B. LE DISPOSITIF SENTINELLE ET LA NOUVELLE POSTURE INTÉRIEURE DES ARMÉES
Ce contrat de protection du territoire national a été mis en oeuvre sous la forme de l'opération Sentinelle décidée par le Président de la République à la suite des attentats de janvier 2015, opération placée sous l'autorité du ministre de l'intérieur et commandée par le chef d'état-major des armées.
L'opération Sentinelle a ainsi entraîné le déploiement sur le territoire national d'environ 10 000 hommes pour sécuriser la population et un certain nombre de sites considérés comme sensibles.
Déployée en trois jours, la force Sentinelle a pour missions de protéger et de rassurer, de sécuriser les points et sites sensibles définis par le ministère de l'Intérieur, enfin de maximiser l'effet dissuasif que procure le déploiement visible de la force armée face à la menace terroriste. L'opération a consisté essentiellement, dans un premier temps, en une protection statique des sites jugés sensibles par le ministère de l'intérieur. Elle est ensuite devenue plus flexible avec davantage de patrouilles, y compris aléatoires comme dans les vingt arrondissements parisiens.

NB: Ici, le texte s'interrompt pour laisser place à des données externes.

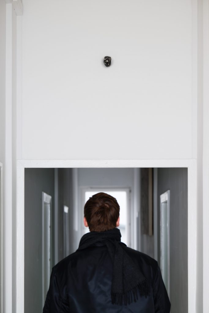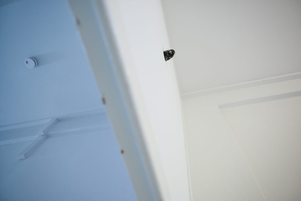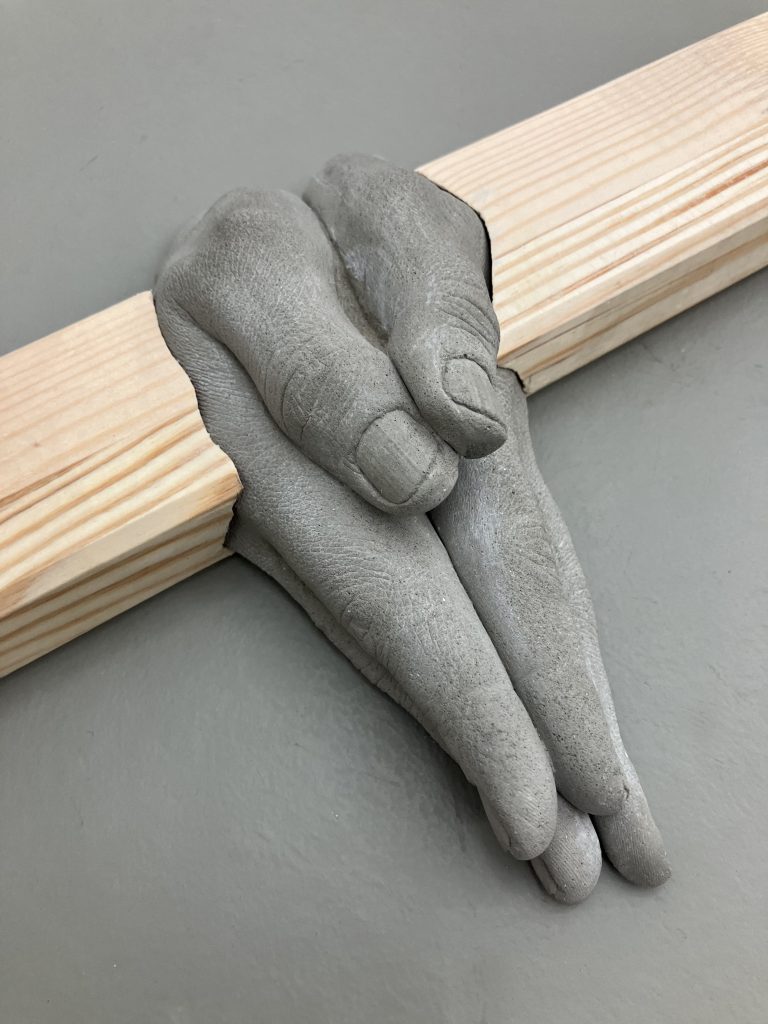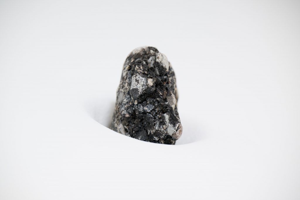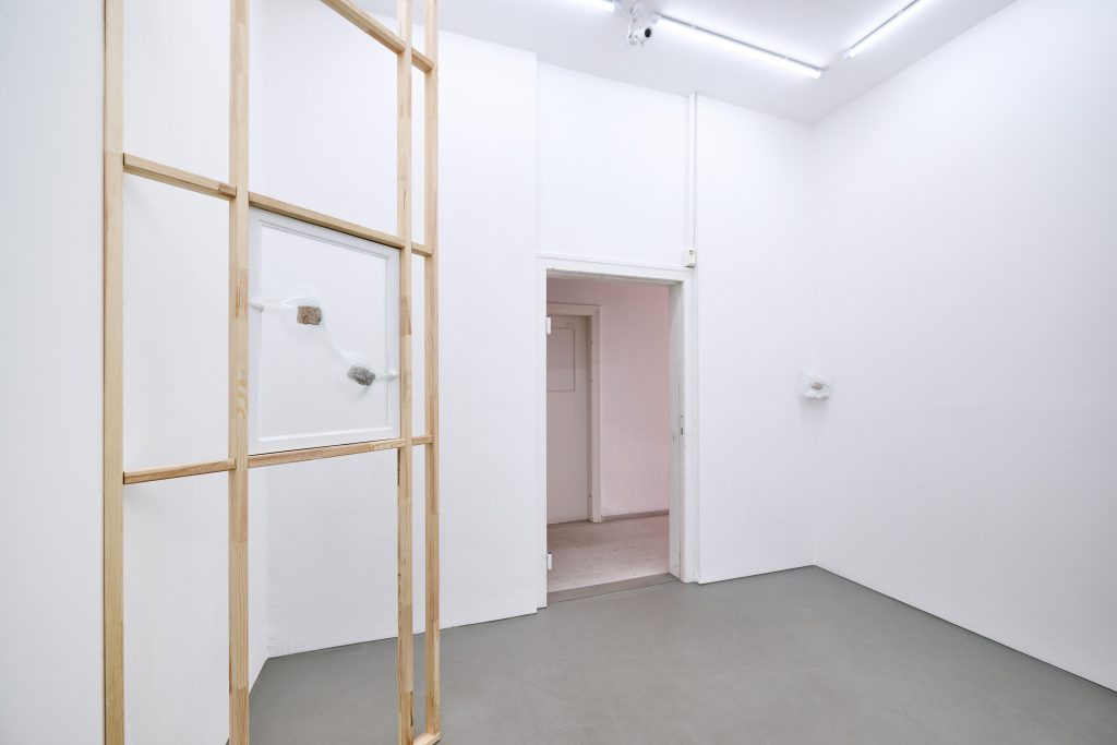 So, what do we see in this exhibition? Windows, for sure, and stones, and hands that may have picked them up from the street. And glass, of course. But what kind of glass? What kind of glass doesn’t shatter into a thousand pieces when struck by a stone, but instead bends on impact, em- bracing the stone like a protecting hand—as if it seeks to soothe the violence, to help it overcome its anger through affection, or even love?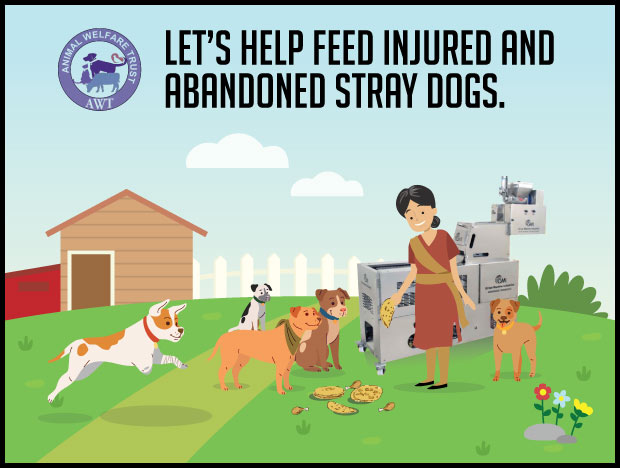 Each dog eats 5 rotis which add up to 2500 rotis a day. It is becoming tough for AWT (Animal Welfare Trust) to feed these strays as making 2500 rotis a day is a tedious and cumbersome task. It takes a minute to make a roti. Help AWT feed more needy strays by investing in a ROTI MAKING machine.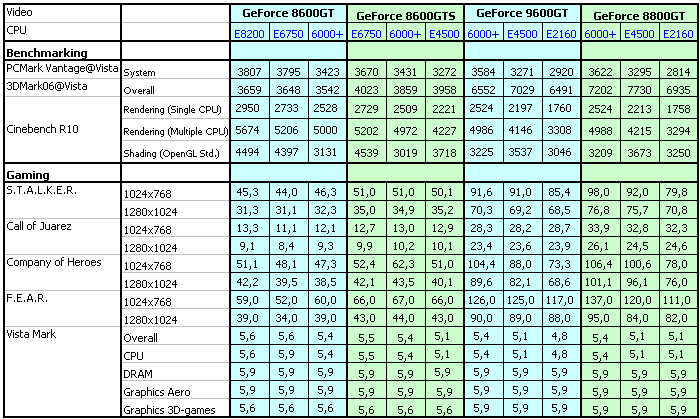 Оценка напрямую зависит от производительности графического процессора, соответственно, компьютер с более мощной картой получает более высокий общий балл, и, как можно убедиться, для видеокарт на процессорах до Geforce 8600 GTS включительно, результат более мощной карты в сочетании с самым слабым процессором оказывается выше, чем находящейся на ступеньку ниже в сочетании с самым мощным процессором. Сравнивая результаты Geforce 9600 GT и 8800 GT, впрочем, столь показательной зависимости мы не видим, поскольку эти карты весьма близки по производительности (не более 10% по результатам 3DMark06), при этом замена младшего на старший процессор дает прирост в 20—25% для обеих карт. Это объясняет, почему для установки рекордов в 3DMark (что превратилось в своего рода спорт), энтузиасты не только ставят самые мощные видеокарты, но и усиливают до предела платформу. Впрочем, эти забавы далеки от задачи получения эффективной, но недорогой, игровой конфигурации.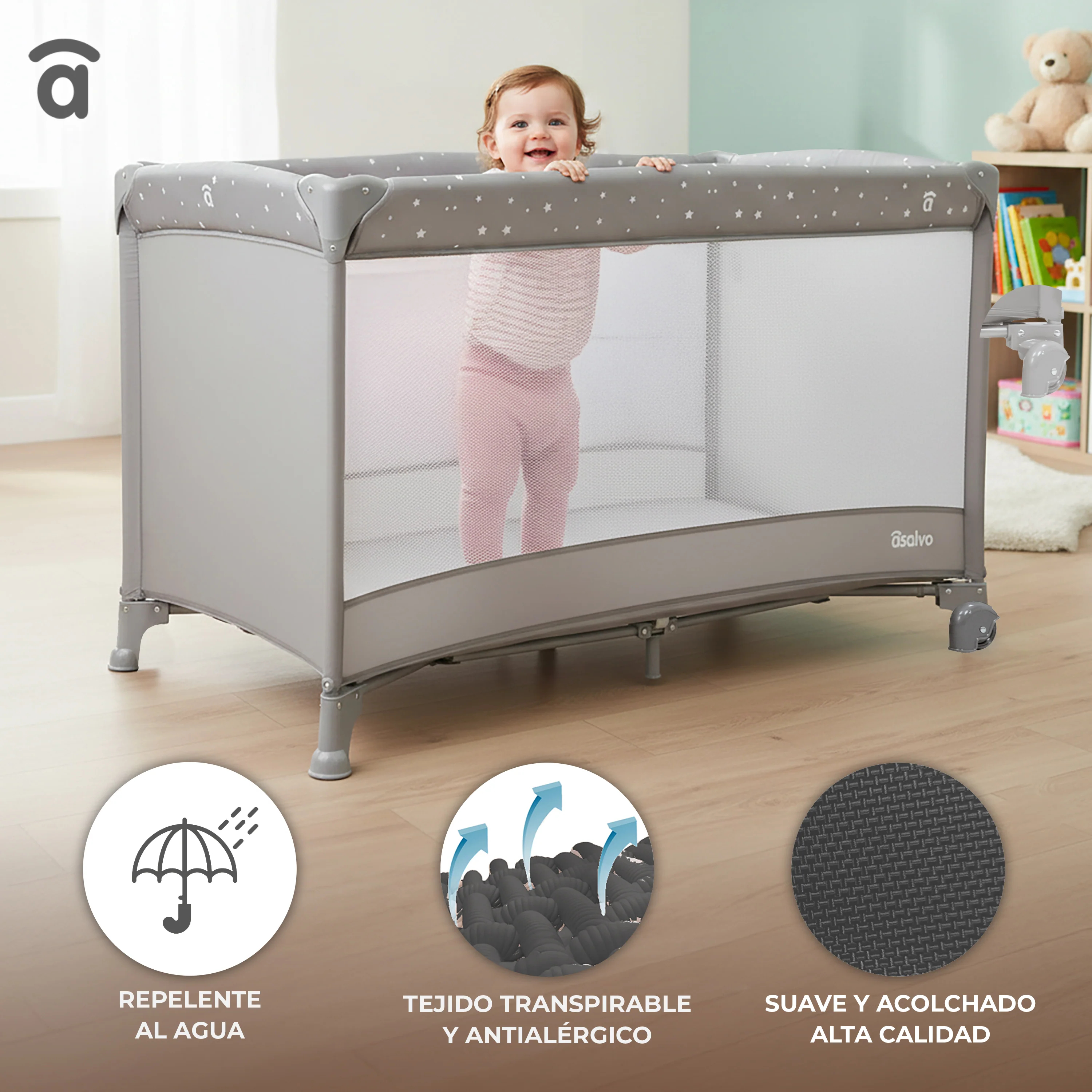 Este producto multifuncional para bebés sirve tanto como cuna para bebés como parque infantil para niños pequeños, adaptándose fácilmente a las necesidades de su hijo. Fabricado con un robusto armazón de acero, garantiza durabilidad y seguridad, con esquinas protegidas y ruedas equipadas con frenos para una movilidad segura. Todos los materiales han sido probados y son seguros para los niños, lo que proporciona tranquilidad. Fácil de montar y plegar, ahorra espacio cuando se guarda e incluye una bolsa de viaje para una máxima portabilidad. Disponible en atractivos colores, añade estilo a cualquier cuarto infantil o salón. Los laterales de malla transpirable garantizan una ventilación óptima y permiten una fácil supervisión, mientras que su diseño fácil de limpiar simplifica la vida diaria de los padres ocupados

Ce déploiement est exceptionnel par son ampleur et par sa durée et pose un certain nombre de questions qui sont d'autant plus importantes que la mobilisation des armées pour ce type d'opération intérieure de protection de la population risque de perdurer. Votre commission avait notamment pu approfondir ces questions lors de son déplacement au Fort de Vincennes auprès des soldats de l'opération Sentinelle, le 27 janvier 2016.
En premier lieu, il s'agit de la question de la doctrine d'emploi des militaires sur le territoire national . L'armée est pleinement légitime dans la protection du territoire. Toutefois, malgré la mise en place d'états-majors tactiques et le très lent reflux des gardes statiques, le risque que les militaires deviennent des supplétifs destinés à soulager les forces de sécurité intérieure demeure. La sédimentation des réquisitions et la trop lente dynamisation du dispositif Sentinelle en sont la preuve. En outre, les qualités de nos armées sont trop peu exploitées : les remontées vers le renseignement territorial sont insuffisantes et les compétences proprement militaires sont insuffisamment utilisées.
Comme l'a demandé notre collègue Jean-Pierre Raffarin, président de votre commission, lors du débat en séance publique du 15 mars sur le rapport remis par le Gouvernement sur les conditions d'emploi des militaires sur le territoire national, « Demandons plutôt aux militaires un effet final recherché et laissons-les déployer leur savoir-faire. Les scènes de guerre, la sécurisation de zones, le contact avec les populations sont leur lot en OPEX. Sachons mieux en tirer profit. Il reste du chemin à faire. Enfin, disons-le clairement, à quel autre ministère oserait-on demander un tel effort dans la durée ? Quelque 10 % des soldats de Sentinelle campent pour six à huit semaines dans des lits de camp, en plein Paris, pas à Gao ni à Kidal ! (...) Cela doit être dit : les conditions sont dures ».
Ainsi, si la LPM prévoit que les armées interviennent « en renfort des forces de sécurité intérieure et de sécurité civile », le rôle exact des différents acteurs de la sécurité devra être précisé entre les missions qui reviennent aux militaires, aux policiers et aux gendarmes. La chaîne de commandement et les modalités précises de la mobilisation des militaires devront également être précisées à l'aune de l'expérience de l'opération Sentinelle.
Par ailleurs, certains incidents, comme à Nice le 3 février 2015 où deux militaires du 54 ème régiment d'artillerie ont été blessés à la suite d'une agression au couteau, ou à Valence en janvier 2016 ou un automobiliste a tenté de percuter quatre soldats, mettent en avant la question de la formation des militaires amenés à assurer ces missions et celle du cadre juridique de leurs interventions. La formation des militaires doit pouvoir s'appuyer sur une doctrine d'emploi précise et robuste, incluant les différentes modalités d'intervention (garde statique, ronde, à pied, en véhicule,...), leur adaptation au contexte et une typologie des sites à protéger.
Le retour d'expérience de l'opération Sentinelle doit ainsi poser les bases d'une définition rigoureuse des conditions d'emploi des forces armées lorsqu'elles interviennent sur le territoire national pour protéger la population.